NVIDIA and University of Edinburgh researchers introduce Dynamic Memory Sparsification (DMS) to compress KV caches in large language models (LLMs) for improved inference-time efficiency.
KV caches in Transformer-based models grow with sequence length and width, leading to significant memory consumption and slower inference.
Existing optimization techniques for KV caches have downsides, either hurting accuracy or being computationally expensive.
Dynamic Memory Sparsification (DMS) compresses KV caches efficiently with minimal training overhead and delayed eviction, preserving context information and model accuracy.

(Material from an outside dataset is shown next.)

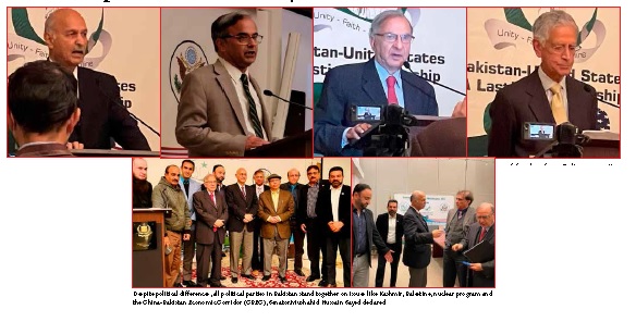 Washington, DC: Senator Mushahid Hussain Sayed, Chairman, Pakistan Senate’s Defense Committee and the keynote speaker at an event organized by the Pakistan Embassy in Washington, DC said that despite political differences, all political parties in Pakistan stand together on issues like Kashmir, Palestine, nuclear program and the China-Pakistan Economic Corridor (CPEC). Showing complete unity in the Senate of Pakistan, lawmakers on both sides of the aisle have called for moving relevant courts for war crimes against the Indian premier for the genocide of Kashmiris and urged the world community to take notice of the same.

DMS makes eviction decisions differentiable during training using a Gumbel-sigmoid-based mechanism, allowing retained tokens to contribute their informational value effectively.
DMS requires no additional parameters per attention head, making it suitable for retrofitting existing models without architectural changes.
Empirical results show that DMS can achieve 8× KV cache compression with minimal retraining steps, improving model performance on reasoning tasks.
Benchmark results demonstrate DMS's superior performance on reasoning-heavy tasks like math, code generation, and science question answering.
DMS outperformed top baselines in KV cache read efficiency and peak memory usage, showcasing its effectiveness in scaling performance without increased costs.
DMS also performs well in non-reasoning tasks, maintaining high performance at compression ratios up to 4×.
Dynamic Memory Sparsification (DMS) offers a practical and scalable solution for improving Transformer-based LLMs' inference efficiency, balancing compression, accuracy, and ease of integration.